About this exercise »
For this exercise, write out every entry exactly and leave the pictures out.

(Information begins)

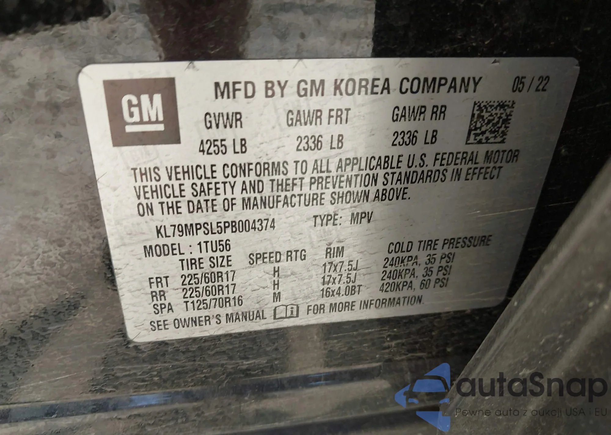 VIN: KL79MPSL5PB004374
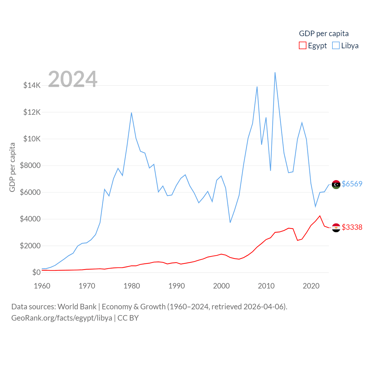 By GDP, Egypt ranks 41/197 ($389B) and Libya ranks 95/197 ($48.5B). By GDP per capita, Egypt ranks 138/197 ($3,338), while Libya ranks 107/197 ($6,569).
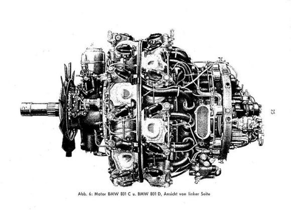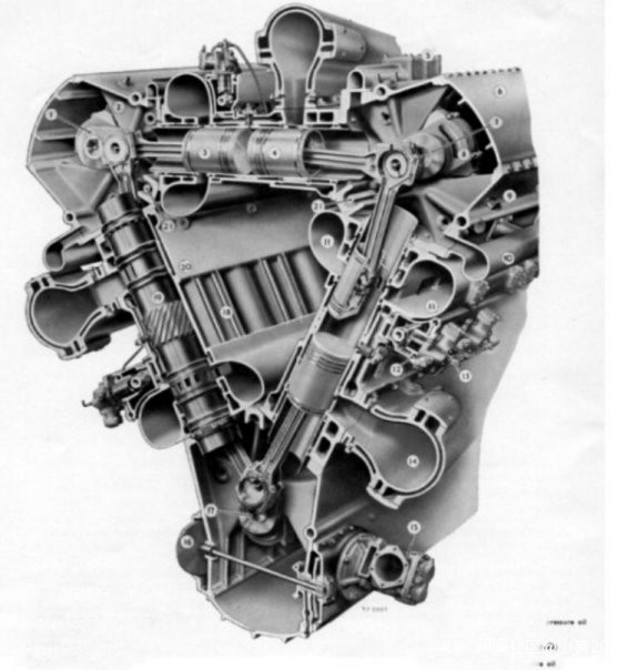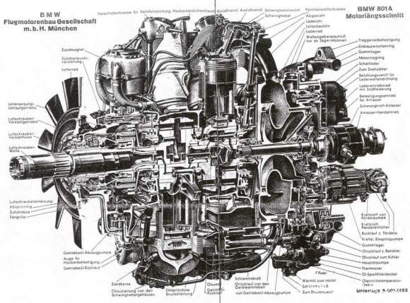 BMW801發動機。發動機內部的曲軸和變速器輸出傳動軸在一條直線上。後面的那根傳動軸則是機械增壓器傳動軸了。這樣的佈局,當然沒有空間給軸炮了。
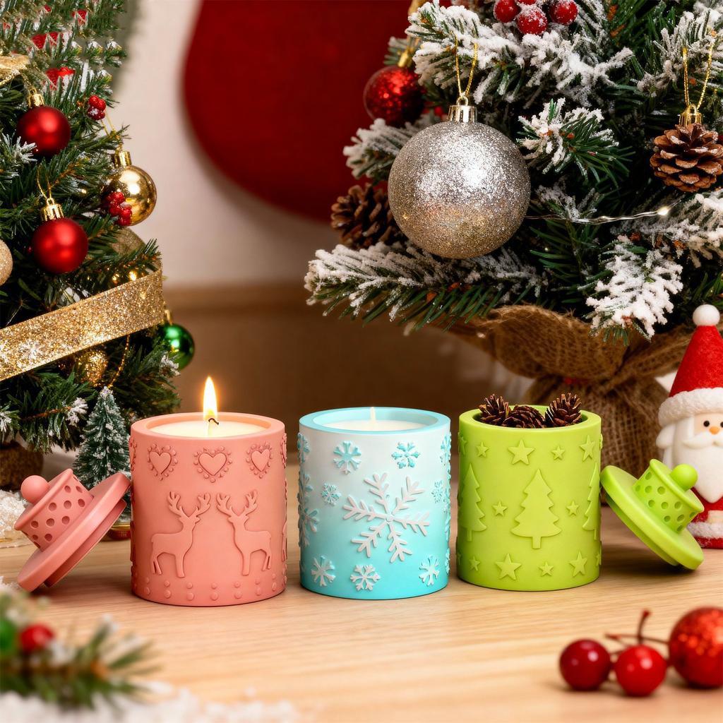 Snowflake Candle Mold White Aromatherapy Plaster Mold Embossed Christmas Mold Silicone For Storage Jar Diy Crafting Home Decor
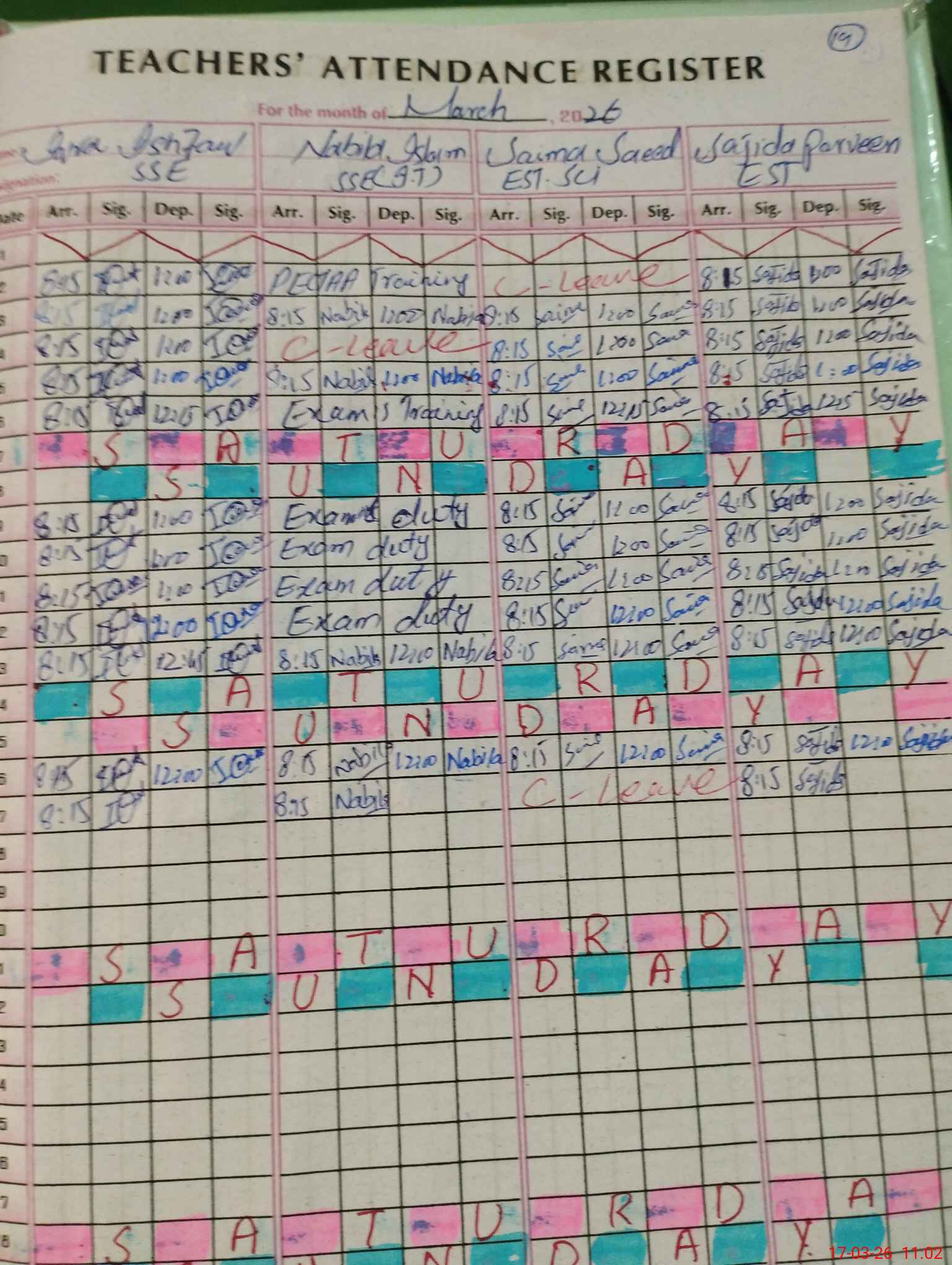 | Leave | Duty | Absent | Maternity | Medical | Ex- Pak |
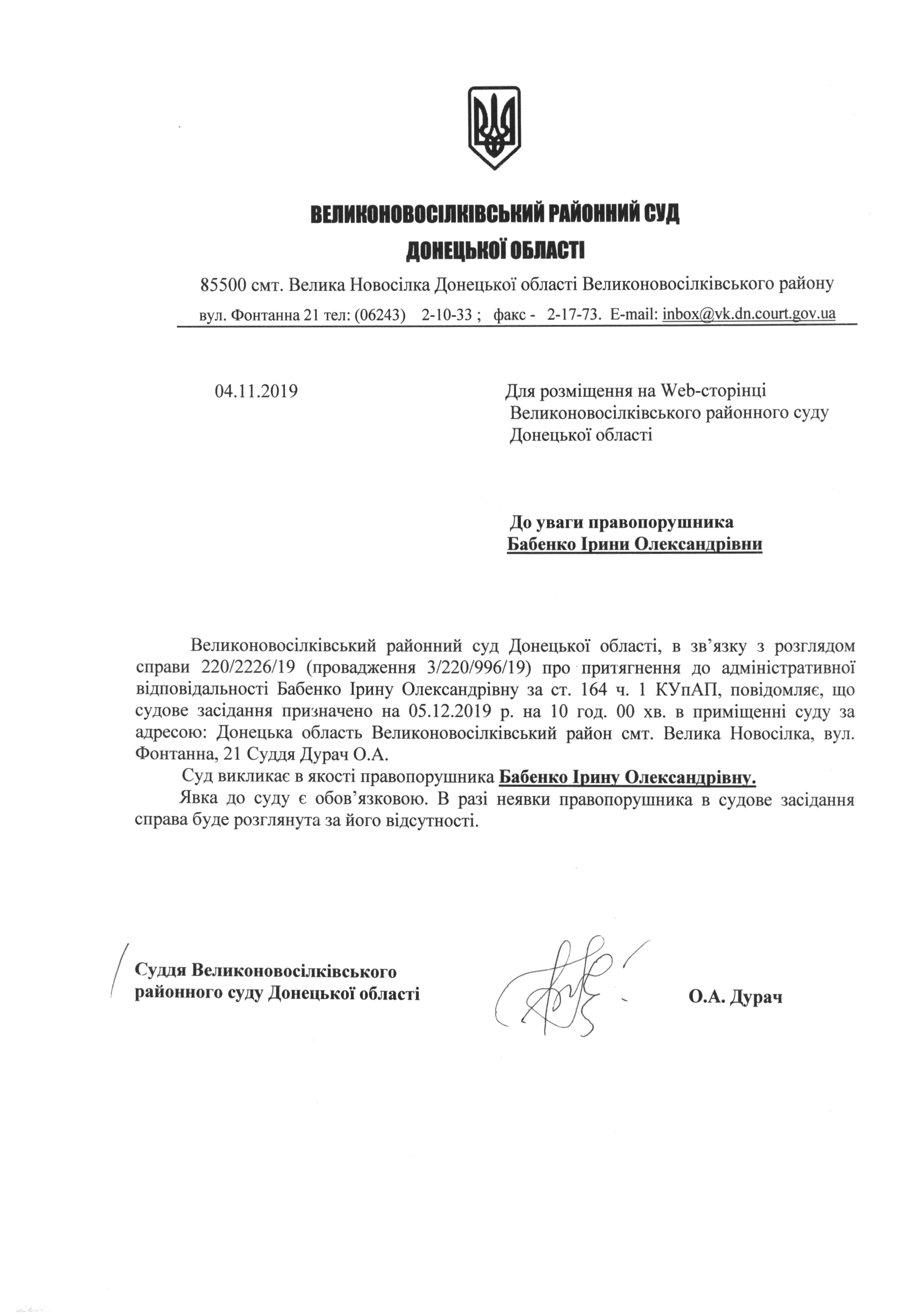 До уваги Бабенко І.О.
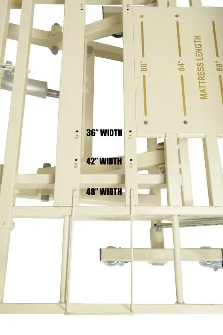 Designed for ultimate adjustability, you can expand the width from 36” to 48” and the bed’s length from 80” to 88” without requiring any tools— simply extend or compress the frame in moments. Perfect for busy facilities that care for a wide range of users, this bed guarantees a bed that fits them like a glove. Choose from different rail options: quarter rail, pivot assist rails, Q-bar assist rail, and others to offer extra support for patients.
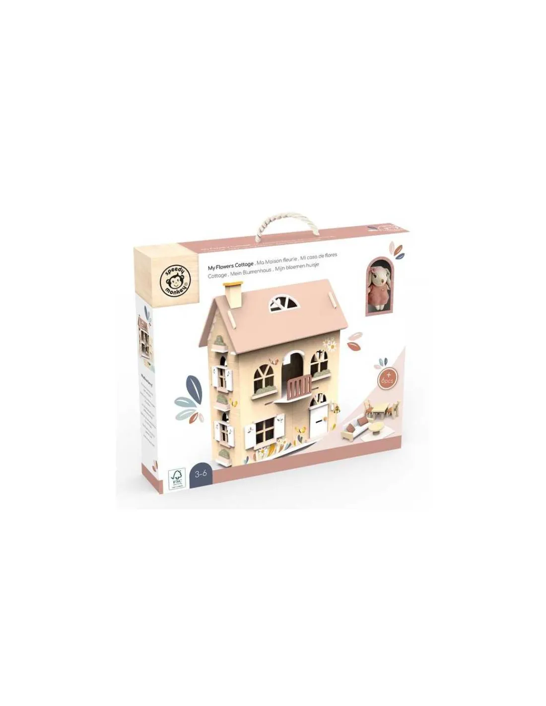 Découvrez la maison de poupées fleurs de Speedy Monkey, une maison en bois sur 3 étages, décorée et meublée, qui fera rêver les enfants à partir de 3 ans. Ajoutez une touche de magie et de créativité à l’espace de jeu de votre enfant avec cette maison de poupée, une façon ludique et élégante de développer son imagination !
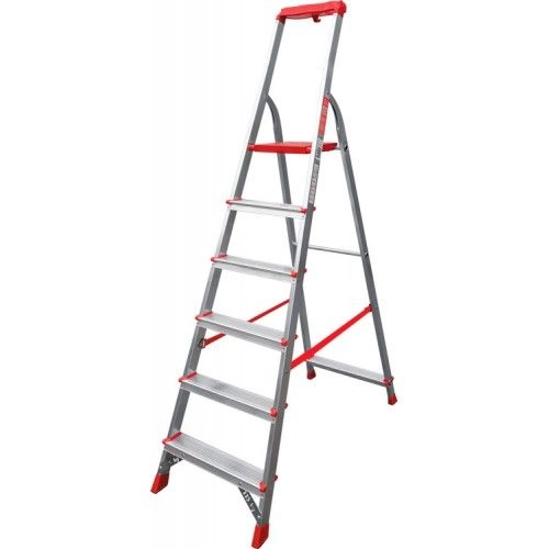 ПроизводителиЛестница-стремянка алюм. проф. с лотком органайзером NV3150 (6 ступ. 125/198см, 5.4кг) Новая высота
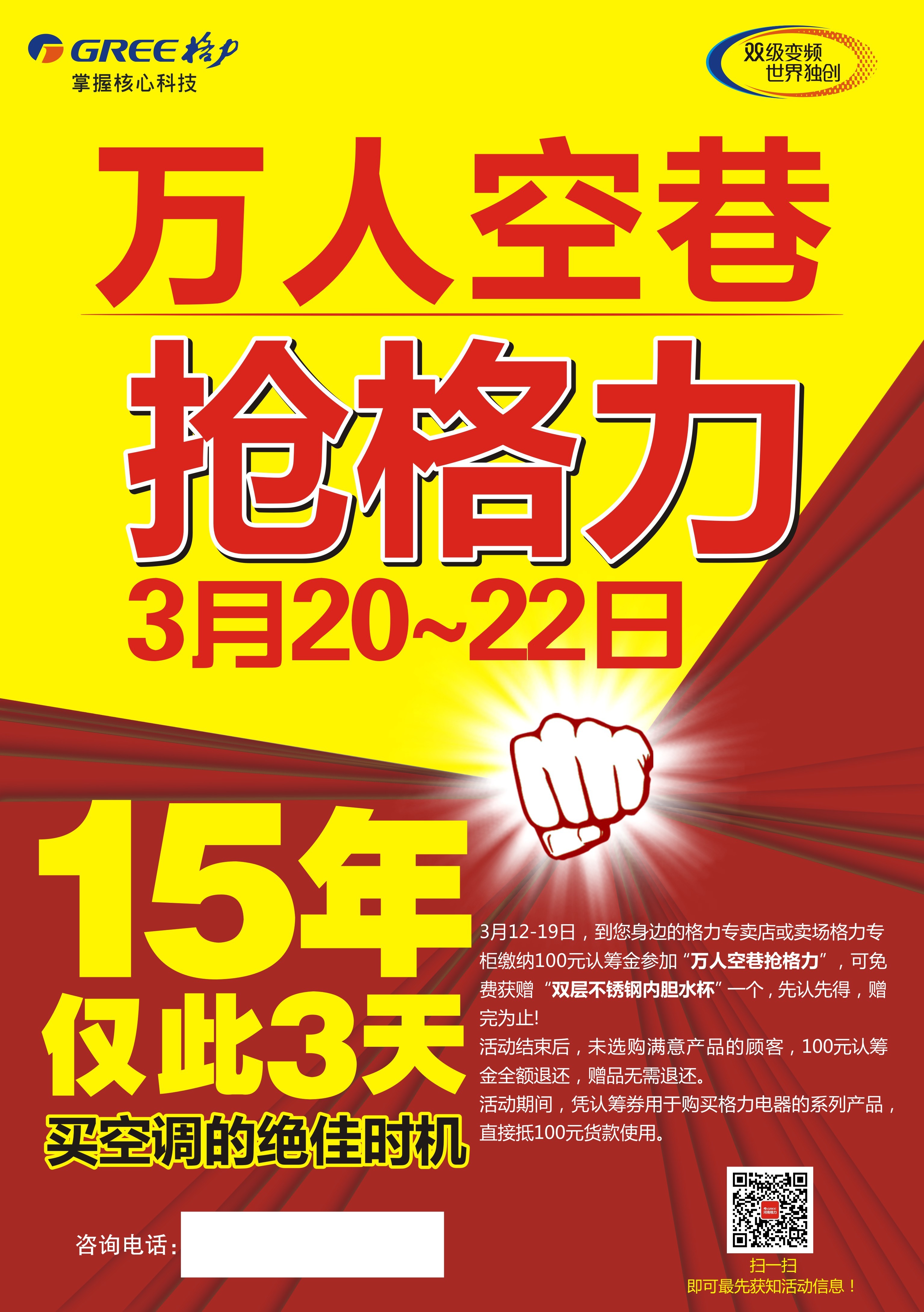 关注格力!15年无法逾越的空调盛宴!3月20—3月22日!万人空巷抢格力!不用找关系、不用找领导、不用找熟人,台台工程价,买空调的绝佳时机,就在万人空巷抢格力!格力掌握核心科技! 认筹热线:0372-3651806
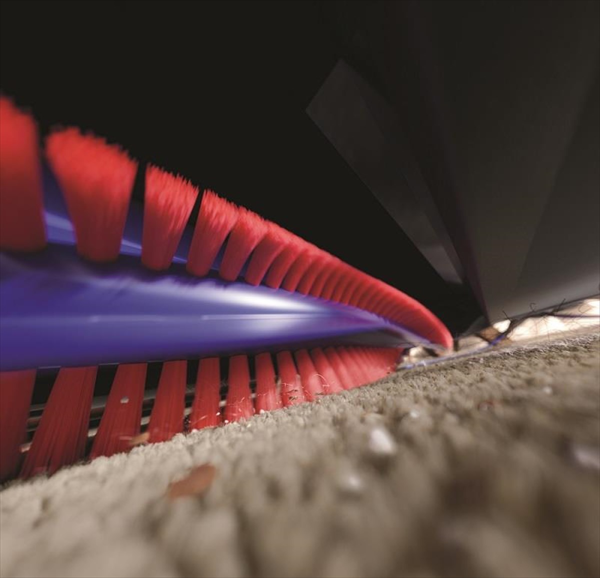 Η συσκευή διαθέτει υγρό κύλινδρο μικροϊνών που καθαρίζεται αυτόματα σε κάθε περιστροφή, σε συνδυασμό με σύστημα διαβροχής 12 σημείων, το οποίο παρέχει καθαρό, ζεστό νερό κατά τη διάρκεια του καθαρισμού. Ο μηχανισμός του κυλίνδρου εκτείνεται αυτόματα κατά 40 mm, επιτρέποντας στο Dyson Spot+Scrub™ Ai να καθαρίζει ακριβώς μέχρι το σοβατεπί.
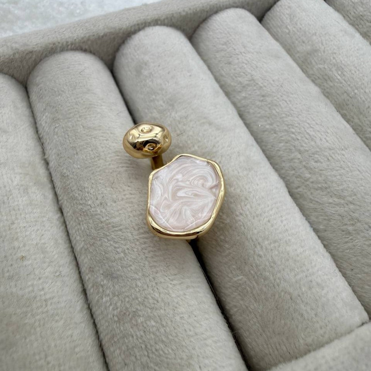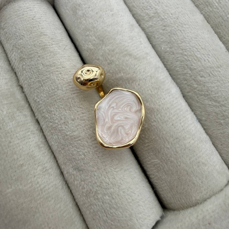 این انگشتر با سنگ سفید بافتدار و قاب طلایی، یه قطعهی هنری و خاصه. فرم نامنظم سنگ، حس طبیعی و منحصربهفرد بودن رو منتقل میکنه، در حالی که قاب طلایی اون رو به سطحی لوکس و قابل ست ارتقا میده. مناسب برای کسانی که به دنبال اکسسوری متفاوت، احساسی و چشمگیر هستن.
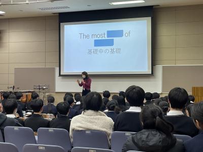 さらに英語の米林先生からは「難関大は予約をすれば入れるレストランではない、お客を選ぶ敷居の高いレストラン。選ばれる側にならなければなりません。」というお話もありました。
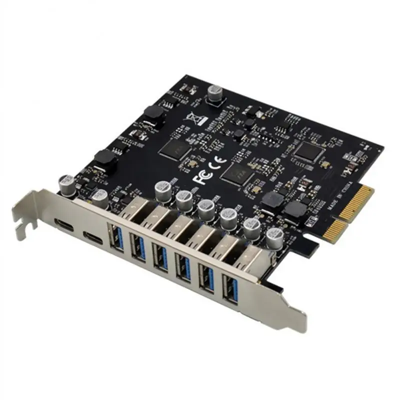 Карта PCIe ASM3142 6A2C USB3.1 10 Гбит/с обеспечивает шесть USB-A и два USB-C с помощью комбинированных чипов ASM3142 и VL822,
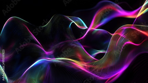 Obraz premium Vibrant abstract waves in purple, blue, and pink hues creating a mesmerizing flow against a dark backdrop.
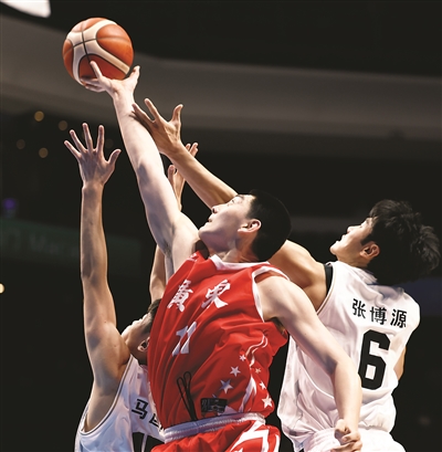 11月18日,十五运会篮球男子18岁以下组金牌赛中,广东队85比78战胜山东队,获得冠军。图为广东队冯熙瑞进攻上篮。本报记者 王宪民摄
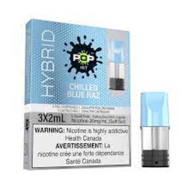 POP PODS -CHILLED BLUE RAZ The legendary Pop Vapor has now introduced their best selling flavours in Hybrid closed pod systems. These are hybrid pop pods of 20mg strength made with a mixture of freebase and nicotine salts e-liquids for that extra throat hi

(Information ends)

Solution to this task »
 VIN: KL79MPSL5PB004374
 By GDP, Egypt ranks 41/197 ($389B) and Libya ranks 95/197 ($48.5B). By GDP per capita, Egypt ranks 138/197 ($3,338), while Libya ranks 107/197 ($6,569).
 BMW801發動機。發動機內部的曲軸和變速器輸出傳動軸在一條直線上。後面的那根傳動軸則是機械增壓器傳動軸了。這樣的佈局,當然沒有空間給軸炮了。
 Snowflake Candle Mold White Aromatherapy Plaster Mold Embossed Christmas Mold Silicone For Storage Jar Diy Crafting Home Decor
 | Leave | Duty | Absent | Maternity | Medical | Ex- Pak |
 До уваги Бабенко І.О.
 Designed for ultimate adjustability, you can expand the width from 36” to 48” and the bed’s length from 80” to 88” without requiring any tools— simply extend or compress the frame in moments. Perfect for busy facilities that care for a wide range of users, this bed guarantees a bed that fits them like a glove. Choose from different rail options: quarter rail, pivot assist rails, Q-bar assist rail, and others to offer extra support for patients.
 Découvrez la maison de poupées fleurs de Speedy Monkey, une maison en bois sur 3 étages, décorée et meublée, qui fera rêver les enfants à partir de 3 ans. Ajoutez une touche de magie et de créativité à l’espace de jeu de votre enfant avec cette maison de poupée, une façon ludique et élégante de développer son imagination !
 ПроизводителиЛестница-стремянка алюм. проф. с лотком органайзером NV3150 (6 ступ. 125/198см, 5.4кг) Новая высота
 关注格力!15年无法逾越的空调盛宴!3月20—3月22日!万人空巷抢格力!不用找关系、不用找领导、不用找熟人,台台工程价,买空调的绝佳时机,就在万人空巷抢格力!格力掌握核心科技! 认筹热线:0372-3651806
 Η συσκευή διαθέτει υγρό κύλινδρο μικροϊνών που καθαρίζεται αυτόματα σε κάθε περιστροφή, σε συνδυασμό με σύστημα διαβροχής 12 σημείων, το οποίο παρέχει καθαρό, ζεστό νερό κατά τη διάρκεια του καθαρισμού. Ο μηχανισμός του κυλίνδρου εκτείνεται αυτόματα κατά 40 mm, επιτρέποντας στο Dyson Spot+Scrub™ Ai να καθαρίζει ακριβώς μέχρι το σοβατεπί.
 این انگشتر با سنگ سفید بافتدار و قاب طلایی، یه قطعهی هنری و خاصه. فرم نامنظم سنگ، حس طبیعی و منحصربهفرد بودن رو منتقل میکنه، در حالی که قاب طلایی اون رو به سطحی لوکس و قابل ست ارتقا میده. مناسب برای کسانی که به دنبال اکسسوری متفاوت، احساسی و چشمگیر هستن.
 さらに英語の米林先生からは「難関大は予約をすれば入れるレストランではない、お客を選ぶ敷居の高いレストラン。選ばれる側にならなければなりません。」というお話もありました。
 Карта PCIe ASM3142 6A2C USB3.1 10 Гбит/с обеспечивает шесть USB-A и два USB-C с помощью комбинированных чипов ASM3142 и VL822,
 Obraz premium Vibrant abstract waves in purple, blue, and pink hues creating a mesmerizing flow against a dark backdrop.
 11月18日,十五运会篮球男子18岁以下组金牌赛中,广东队85比78战胜山东队,获得冠军。图为广东队冯熙瑞进攻上篮。本报记者 王宪民摄
 POP PODS -CHILLED BLUE RAZ The legendary Pop Vapor has now introduced their best selling flavours in Hybrid closed pod systems. These are hybrid pop pods of 20mg strength made with a mixture of freebase and nicotine salts e-liquids for that extra throat hi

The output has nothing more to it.